One of my favorite things about the Outer Banks, what sets it apart from all the other Atlantic and Gulf coast beaches I have visited, are all the shipwrecks. Apparently opposing forces like to meet just off shore here playing havoc with mariners.  The icy water of the Labrador Current from the north crashes into the tropic water of the Gulf Stream from the south at Cape Point on Hatteras Island (about 8 miles from where I’m sitting right now), creating strong offshore winds and the shifting sand bars of Diamond Shoals, a sailor’s navigation nightmare. The North Carolina coast became known as The Graveyard of the Atlantic. Hundreds of shipwrecks have been mapped along the Outer Banks.

And the really cool thing is, you don’t even have to scuba dive to go see one.
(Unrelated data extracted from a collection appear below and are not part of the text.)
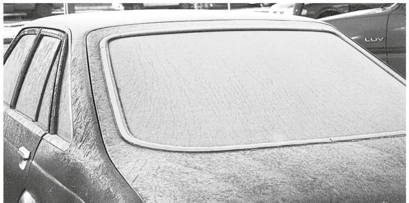
LAS HELADAS PODRÍAN ser parte de la jornada.

Cubierta plástica de color claro permiten mejor acumulación de temperatura en el suelo. Asimismo, utilizar cubiertas sobre las plantas,
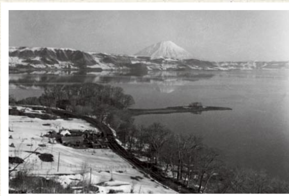
洞爷湖畔 珍古岛附近(1954年)

洞爷湖畔旅游事业的发展起来是因为，在大正时代初期此地发现了温泉，后在大正末期通过这个地方连接函馆和札幌的国铁室兰本线和千岁线被开通。在1929年，从虻田(现JR洞爷)车站到洞爷湖的铁道(在第二次世界大战之中废止)开通，并且相继出现了大饭店和高尔夫球场等。尽管在战前成为指定国立公园的候补对象，但阿寒和大雪山却先被指定为国立公园。在战后因为离札幌近而且被评价为有良好的利用性，在1949年，它有幸指定为国立公园。从1955年到1973年，凭借经济高速增长期的观光旅游高潮共同发展，从而洞爷湖畔终于发展成为观光旅游地。
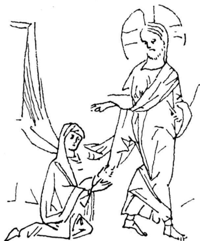
Εικ. 9. Το θαύμα της Αίμορροούσας. Μικρογραφία χειρογράφου Ευαγγελίου (Par. Gr. 54).

χειρόγραφο Par. 54 1 π.χ., (εικ. 9) με την παράσταση στο Dečani, θα δούμε ότι ο Χριστός έχει ακριβώς την ίδια τάση φυγής, πράγμα που φανερώνει ένδεχόμενη σχέση μεταξύ του Κωνσταντινοπολίτικου αυτού χειρόγραφου και του Σέρβικου μνημείου.

Sometimes the wrecks have washed ashore and several of these are documented by shipwreck enthusiasts. Though even one storm can change things significantly, revealing a wreck or burying a it completely, so hunting for a shipwreck on shore is an iffy enterprise.

This is a photo I took last year of a wreck known as the Flambeau Road wreck in Hatteras village. It isn’t known what ship it was, but estimates based on construction identify it as a turn-of-the-nineteenth-century cargo schooner. I was thrilled to find it. Since this seems to be a pretty reliable wreck and easy to get to, I went back to visit this year.

And this is what I found. I was so excited I circled it for an a long time snapping photos as the sun went down, a storm approached, and the tide began to creep in.

This is me (or my feet), standing on the deck of a shipwreck (or more likely, the inside of the hull, but that didn’t rhyme or have the same visual effect).

Once I decided I could stand on the wreck without hurting it (is that silly?), I got excited all over again and climbed all over it like a hundred-year-old, salt-soaked jungle gym trying to find artsy angles.

Finally, the light was getting dim and I was thoroughly chilled, so I decided to leave my lovely wreck to the tide.